Photo by Clay Banks on Unsplash.

Recently in dialog with a young man about the age of my sons, he suggested the metaphor of a cave for the darkness, loneliness, and isolation he sometimes feels — a cave where he feels stuck and that no one else knows it exists. Though painful, he says that he also finds treasure there that is not available to anyone else, and he sweetly encouraged me to look for the treasure in my dark places. I thought he was onto something with the whole idea of finding treasure in a cave, but felt like it needed a little more finesse. I replied:

I’m with you regarding treasure in the sense of my own experience being something no one else can ever know from my perspective. That’s my treasure. Those painful experiences (the happy ones are not in the cave) become treasure when they are examined and understood through the lens of an ever-maturing perspective. For me, then, the treasure is not in the cave, but rather what I bring out of the cave. It’s my personal perspective of pain, survival, and hope that allows me to see the wounded other more clearly as I come through my own woundedness. I am finding surprising value in the difficult work of spending time cleaning out the cave, and I am stunned to recognize that my wounded self is actually the person the world needs. My wounded self is actually me. It’s who I am. It’s all and it’s the best I can offer — and I couldn’t be more caught off guard than to realize that it really is better than presenting the spiffed-up, in control, painted-on-smile me that I have spent so many years trying to perfect. Years of reflection have taught me tolerance of my own wounded self, which has allowed me to feel compassion rather than judgement of others. It has helped me to meet others where they are, and if they ask for it, to walk with them as a companion on their journey.

On another note, while value can come from spending some time in the cave, I find that the more wounds I’ve healed the less time I choose to spend in the cave of isolation and loneliness.  Since I now see that the treasure is what I bring out of the cave, that is to say who I am warts and all (holy cow, did I just say that I am the treasure?!), I find less and less need to hide my ugly stuff in the cave. I don’t have to go in there, or if I choose to go in, I don’t have to go alone. I don’t glorify the dark, lonely, isolation of the cave. Yes, good work can happen there, but I have become aware of building resentment because no one comes looking for me in this cave they don’t know exists.

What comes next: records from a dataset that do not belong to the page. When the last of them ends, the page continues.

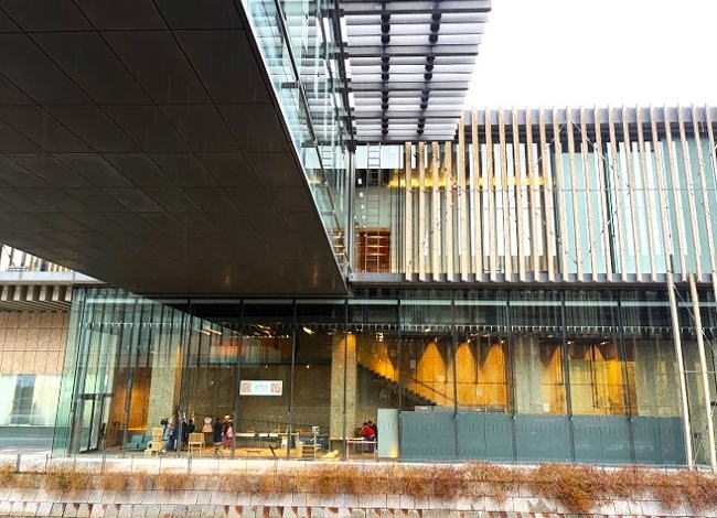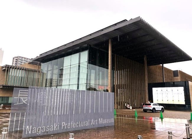 「長崎水辺の森公園」の一角にある自然と調和した 長崎美術館 は、世界的な建築家、隅研吾氏のデザインです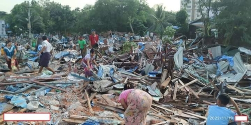 (양곤[미얀마]=연합뉴스) 이정호 통신원 = 미얀마 군사정권이 민간 가옥을 강제로 철거해 주민들을 거리로 내몰고 있다.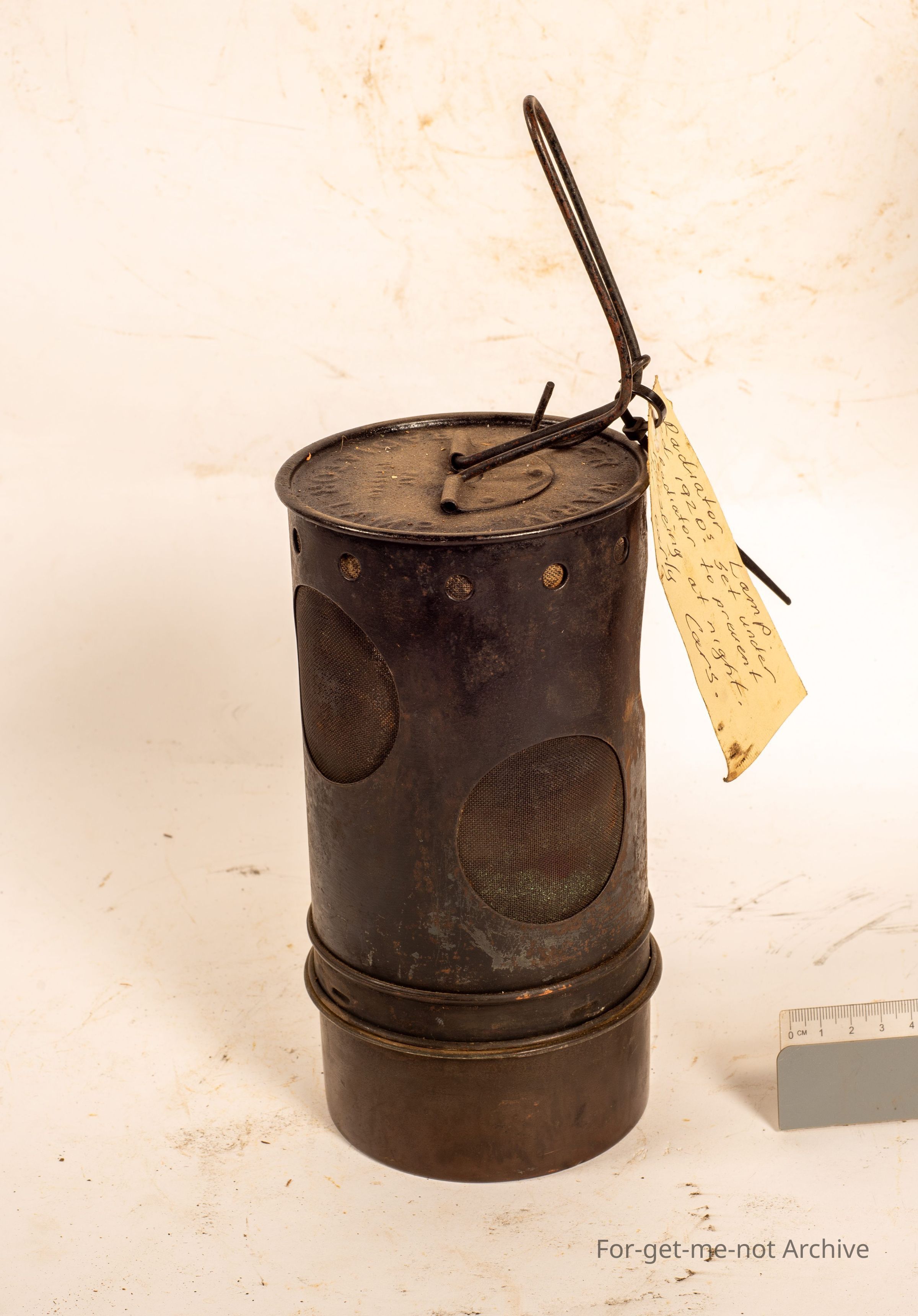 This is rather an unusual lamp. These are referred to as a radiator lamp. The reason for these were they were hung under the front end of very early cars before they decided to build garages. The heat radiated up from the lamp to the, either the radiator or the motor to stop cracks from freezing. Large oils, fuel tanks so they burnt for perhaps 12 hours. Very scarce piece to find.Collection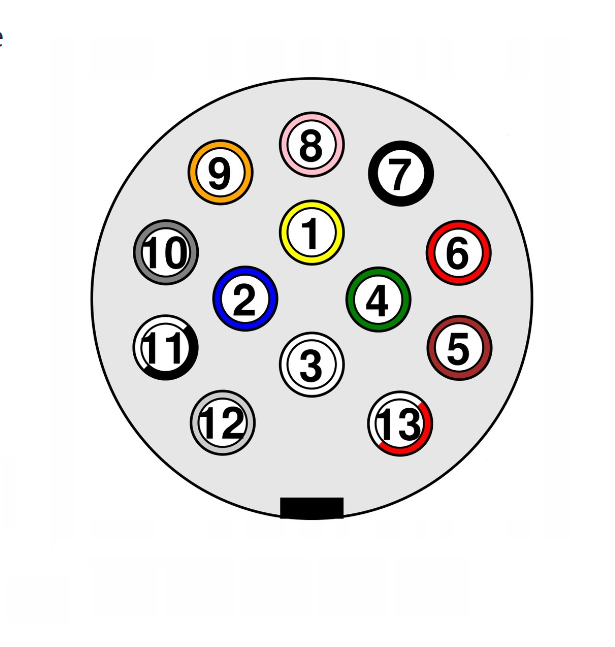 Ar 13 tapām ligzda piedāvā pilnu funkcionalitāti visām standarta piekabes apgaismojuma prasībām, tostarp bremžu lukturiem, pagrieziena rādītājiem, gabarītgaismas lukturiem un papildu funkcijām, piemēram, piekabes iekšējā apgaismojuma barošanai vai savienojumam ar ABS sistēmu.
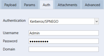 Sie können die Authentifizierung über Kerberos/SPNEGO oder NTLM in der API Engine für die Kommunikation mit Ihren Webservices konfigurieren. Dies erfordert einen Benutzernamen, ein Passwort und Domäneninformationen.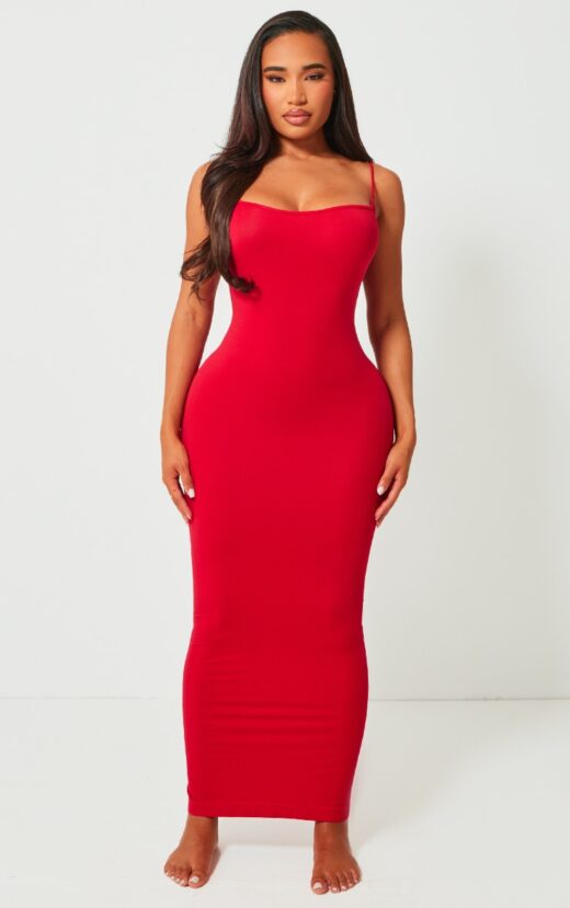 Get your glam on with this shape red stretch seamless strappy maxi dress. Made from a red stretch material with a seamless design you’re sure to have all eyes on you. Its strappy detailing will have you feeling chic. When the weekend calls so does this unreal shape maxi dress. So what are you waiting for? Shop the look and opt for your go-to heels and accessories. It’s a yes from us.

If I need to go in, I’ve learned that I can ask someone to go with me to the dark places, and it is so much better than being there alone feeling isolated and then angry. The difficult part has been learning to ask and trusting that people are resilient enough to withstand what I may find to be nearly unbearable.

The lesson I find in all of this is that the best, most honest version of ourselves we have to offer the world, our treasure, is acknowledgement of and attending to our individual woundedness. Once we recognize the gift in our brokenness, we can use it to heal the world around us.

2 thoughts on “There is Treasure in the Cave of Isolation and Darkness

  1. For the sake of Christ,then, I am content with weaknesses, insults, hardships, persecutions, and calamities; for when I am weak, then I am strong. 2 Corinthians 12:10

    That’s what came to mind as I was reading your post. We really do gain strength through our humility.